ECLI:NL:CRVB:2025:1100
Centrale Raad van Beroep
- Proceskostenveroordeling
- Rechtspraak.nl
Proceskostenveroordeling na intrekking hoger beroep tegen het Uwv
In deze zaak heeft appellant, vertegenwoordigd door mr. E. Akdeniz, hoger beroep ingesteld tegen een uitspraak van de rechtbank Oost-Brabant. De rechtbank had op 12 april 2024 een beslissing genomen in de zaak met nummer 23/1749. Op 9 januari 2025 heeft het Uwv een gewijzigde beslissing op bezwaar genomen. Vervolgens heeft mr. Akdeniz op 15 april 2025 het hoger beroep ingetrokken en verzocht om een proceskostenveroordeling tegen het Uwv. De Raad voor de Rechtspraak heeft geen zitting nodig geacht en het onderzoek gesloten.
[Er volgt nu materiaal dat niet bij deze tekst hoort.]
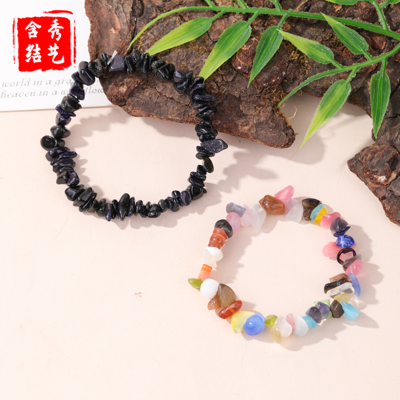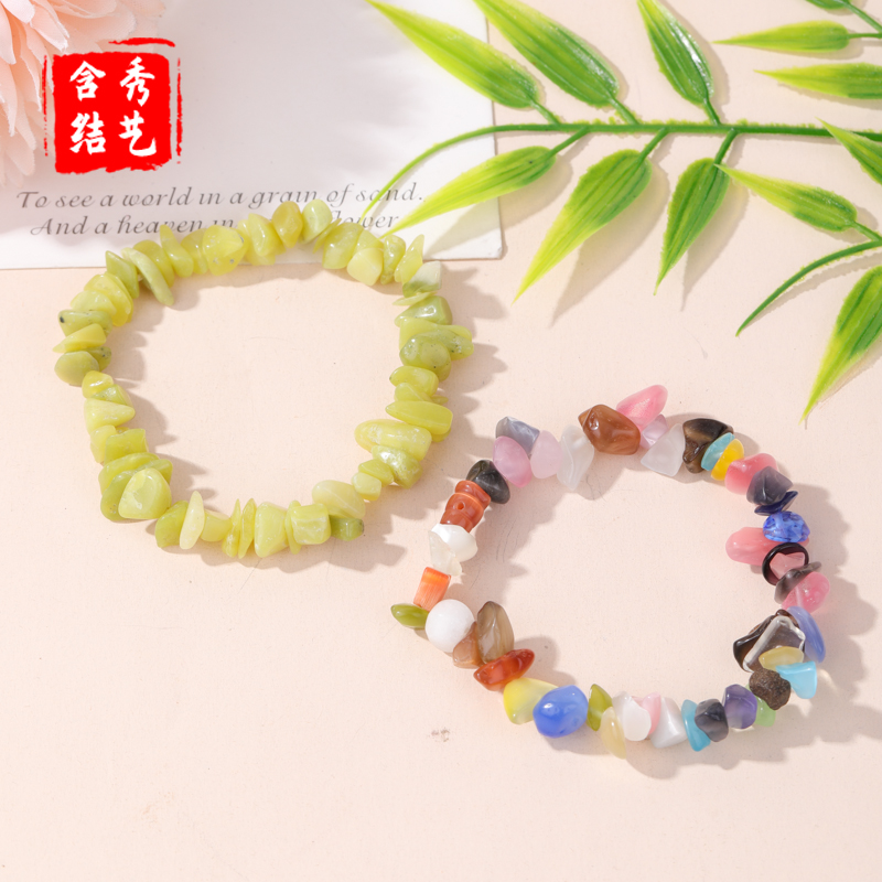 天然绿色系蓝色系碎石玛瑙水晶手串 多色搭配高品质时尚百搭 手饰

De Centrale Raad van Beroep heeft overwogen dat, volgens artikel 8:75a van de Algemene wet bestuursrecht (Awb), het bestuursorgaan kan worden veroordeeld in de kosten als het beroep wordt ingetrokken omdat het bestuursorgaan tegemoet is gekomen aan de indiener. In dit geval is het Uwv volledig tegemoetgekomen aan de bezwaren van appellant met de gewijzigde beslissing op bezwaar. De Raad heeft het Uwv veroordeeld tot een bedrag van € 2.721,- aan proceskosten, bestaande uit kosten in beroep en hoger beroep, en heeft tevens bepaald dat het Uwv het door appellant betaalde griffierecht van € 188,- moet vergoeden.
De uitspraak is gedaan door S.B. Smit-Colenbrander, in tegenwoordigheid van N. ter Heerdt als griffier, en is openbaar uitgesproken op 23 juli 2025.